Yesterday I had been looking at dogs at my nearest shelter, and there was one who might be a good fit. I felt really guilty - like I'm "cheating" on Nera's memory, but then I fell asleep and had the following dream:
Me and Nera were staying at a hotel in Töölö, Helsinki. She disappeared and wouldn't answer my calls, so I went out running in the streets and asked the police to help, too. After some frantic running and searching it occurred to me that Nera might have died and be hiding under the bed in our room. I went back to the hotel, which now had a huge temple-like atrium, and I found a guest book in there. It was open at a page that stated "KUOLLEET VIERAAT" ("dead guests"). The second highest name on the list read "NERA-KOIRA", ("Nera the dog"), and I broke down crying. Nera appeared in the room next to me, I dropped on my knees and kissed and hugged her and gently stroked her silky black fur. A sense of goodness and acceptance was emanating off of her, and I felt consoled. Her fur began to feel different and her body seemed to shirink in size; when I opened my eyes, I saw that she now had brownish fur with dark tips. I realized that Nera will always stay with me, but this was her way of giving me permission to give a home to another angel.
When I woke up, I filled out the form for the dog I had been looking at yesterday. She's a two-year old, 20kg spitz mix, and according to the shelter she's very energetic and loves the outdoors. Her name is Pihlaja, "Rowan". The shelter will respond to me in a month and hopefully I'll get to go meet her there to see if we are a good fit.

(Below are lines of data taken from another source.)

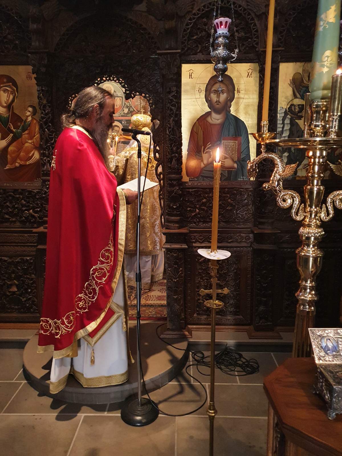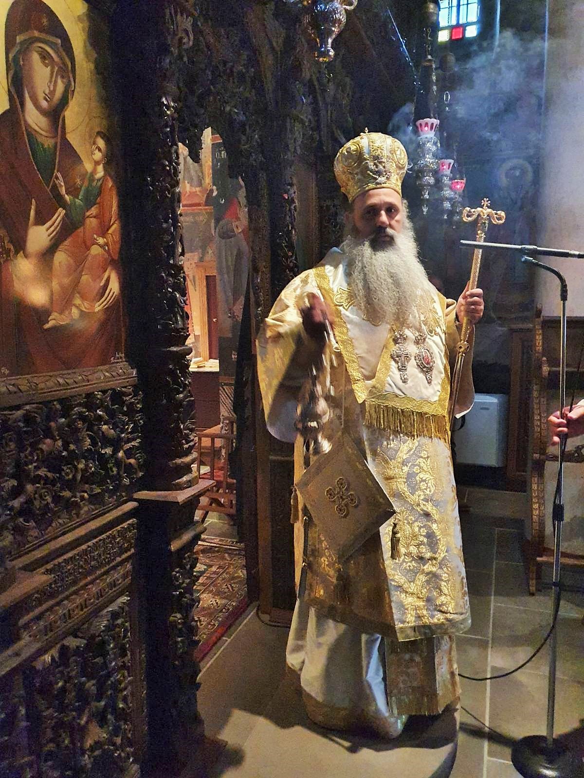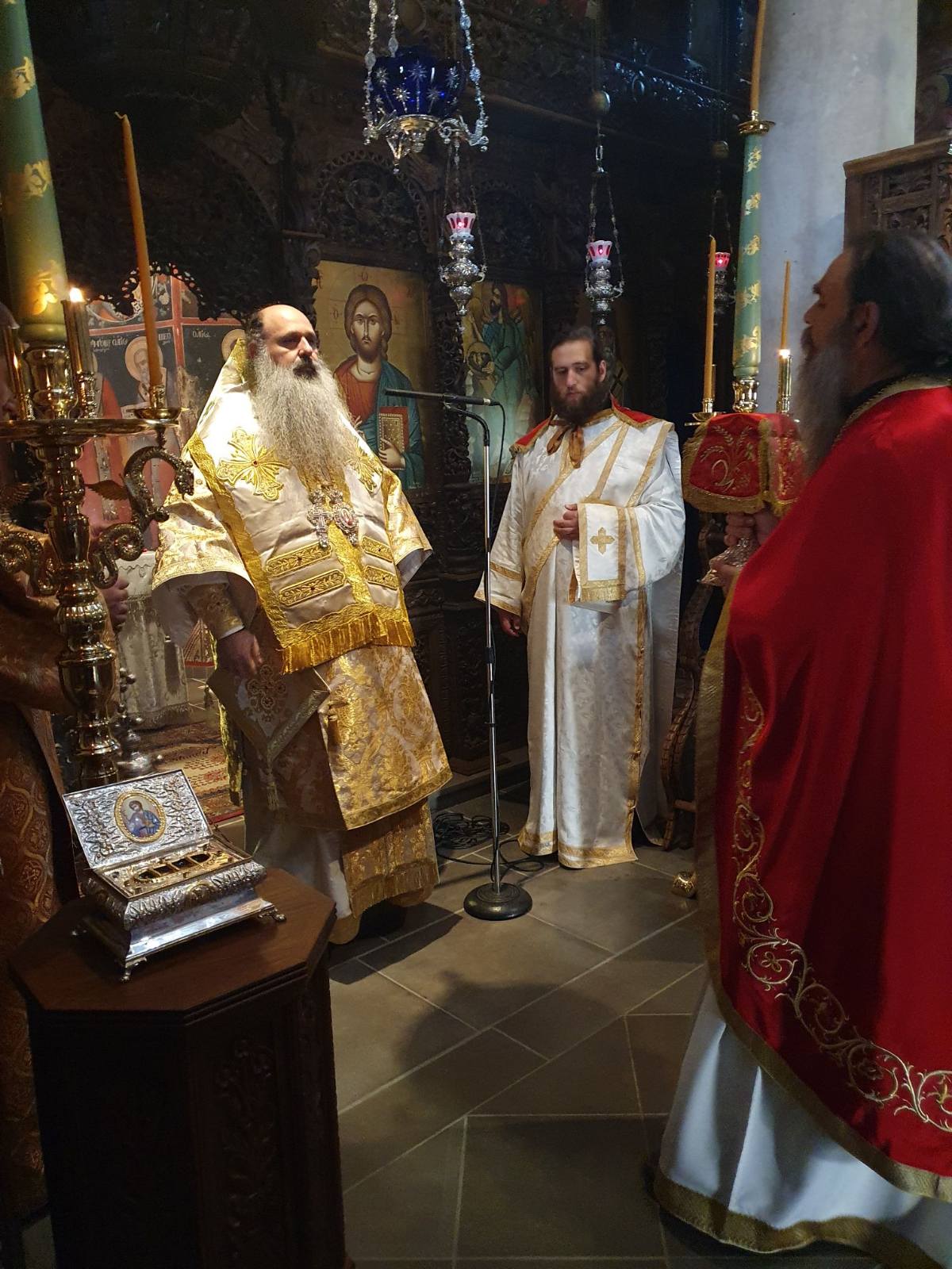 Μέσα σε ένα καταπράσινο τοπίο και με τα χρώματα του Φθινοπώρου να δεσπόζουν, ο Σεπτός μας Ποιμενάρχης λειτούργησε για πρώτη φορά στην προσφάτως ανακηρυχθείσα κυρίαρχη Μόνη των Σιαμάδων, με συλλειτουργό τον Καθηγούμενο αυτής, Πανοσιολογιώτατο Αρχιμανδρίτη Μακάριο Ιακωβάκη.
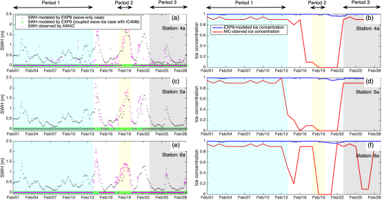 图1. 数值实验EXP8、EXP9模拟所得2011年2月份有效波高与AWAC实测有效波高在4a站(a),5a站(c),及6a站(e)处对比情况。数值实验EXP9模拟所得湖冰密集度与NIC湖冰产品在4a站(b),5a站(d),及6a站(f)处对比情况。
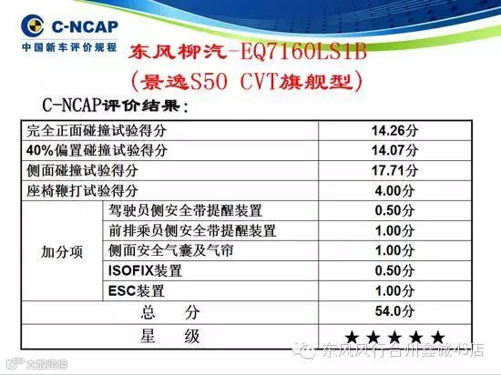 6月29日,中国汽车技术研究中心公布了2015年最新一批车型C-NCAP评价结果,东风风行景逸S50以总分54分荣获C-NCAP五星安全认证。此次碰撞试验中,景逸S50正面、正面偏置、侧面和座椅鞭打四项碰撞成绩优异,展现了东风风行景逸S50作为“高品质越级家轿”在安全性能上的超凡实力。
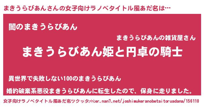 | 男性向けラノベタイトル風あだ名 | 『マキウラビアンアートオンライン』 |

I cleaned up my garbage cabinet and washed the containers, wiped the floors, and had pasta with hummus, arugula and brazil nuts for breakfast. I have a feeling that Nera is smiling at me and approving of what I did. It's of course still unsure if the shelter will think that we are a good fit, but let's hope! It's not an insult to Nera's memory to give a home to someone else who needs it.